I find the context discussion sort of forgotten in the mainstream of the LLM discourse today, however, it may be the most influential concept for data strategies related to LLMs.

The influence of this concept comes from two parts:

  1. Context size of current LLMs is the single most limiting element for data handling by the model
  2. The potency and flexibility that it brings to influence the model results

LLM models today have a context size limit measured in tokens. Tokens are usually parts of words or full words that can fit into ~4 characters.

This token limit influences how much information can the model process and generate for each prompt-response interaction. It should be noted that the response will also consume some of the context limit.

Model with 4000 token context limit (e.g. GPT-3.5) will be able to process approximitly 3000 words ( ̴5–6 pages of text)

The reason why LLM context is not a well-known LLM property is that it only starts to matter in intermediate or advanced scenarios which only a smaller percentage of users are encountering at the moment.

For our discussion here, it will be the most significant concept we will rely on and leverage while working around its limits to form relevant patterns.

Memory

The accompanying concept which naturally extends the LLM context is memory. Memory helps to retain longer contexts, but it also takes space in the context limit.

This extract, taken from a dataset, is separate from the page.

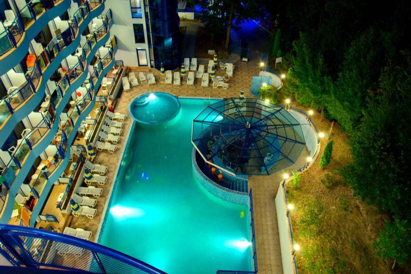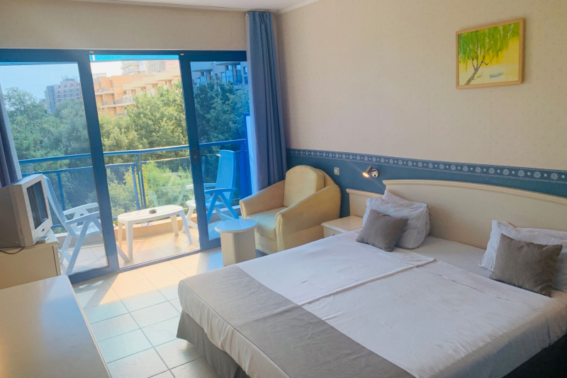 Im Herzen vom Goldstrand, etwa 100 Meter vom Strand entfernt und mitten in der beliebten Partymeile des Ferienortes, befindet sich das Hotel Aphrodite. Einkaufsmöglichkeiten, Restaurants, Bars und Diskotheken liegen in unmittelbarer Nähe des Hotels. Auch zum beliebten Erlebnisbad Aquapolis, zum Naturpark Slatni Pjassazi und zum Yachthafen sind es nur wenige Minuten zu Fuß. Es gibt eine Busverbindung, die in der gesamten Region Varna verkehrt.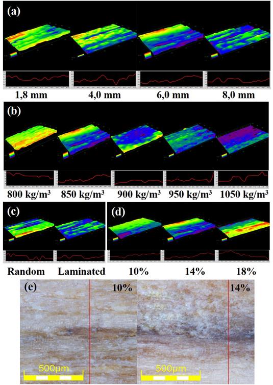 As density increased from 800 kg/cm3 to 1050 kg/cm3, the Ra value of NWRCs gradually decreased (Figure 3b). The increased density resulted in the enhancement of dense effect of the NWRCs, thereby leading to a more compact surface. Similar result was found by Akbulut and Koç (2004) in the study of MDF, of which increasing the panel density decreased the roughness of the profiled areas.

Short-term LLM memory spans a single conversation. Barebone LLM is single prompt-response focused, so it is not automatic that LLM keeps previous prompts and responses as part of each individual interaction. Such behavior is an application logic aka “memory” that is specifically built into applications such as ChatGPT, Bing Chat, and other tools.

In other words, memory stores all user queries including responses, and automatically includes them in all subsequent LLM interactions.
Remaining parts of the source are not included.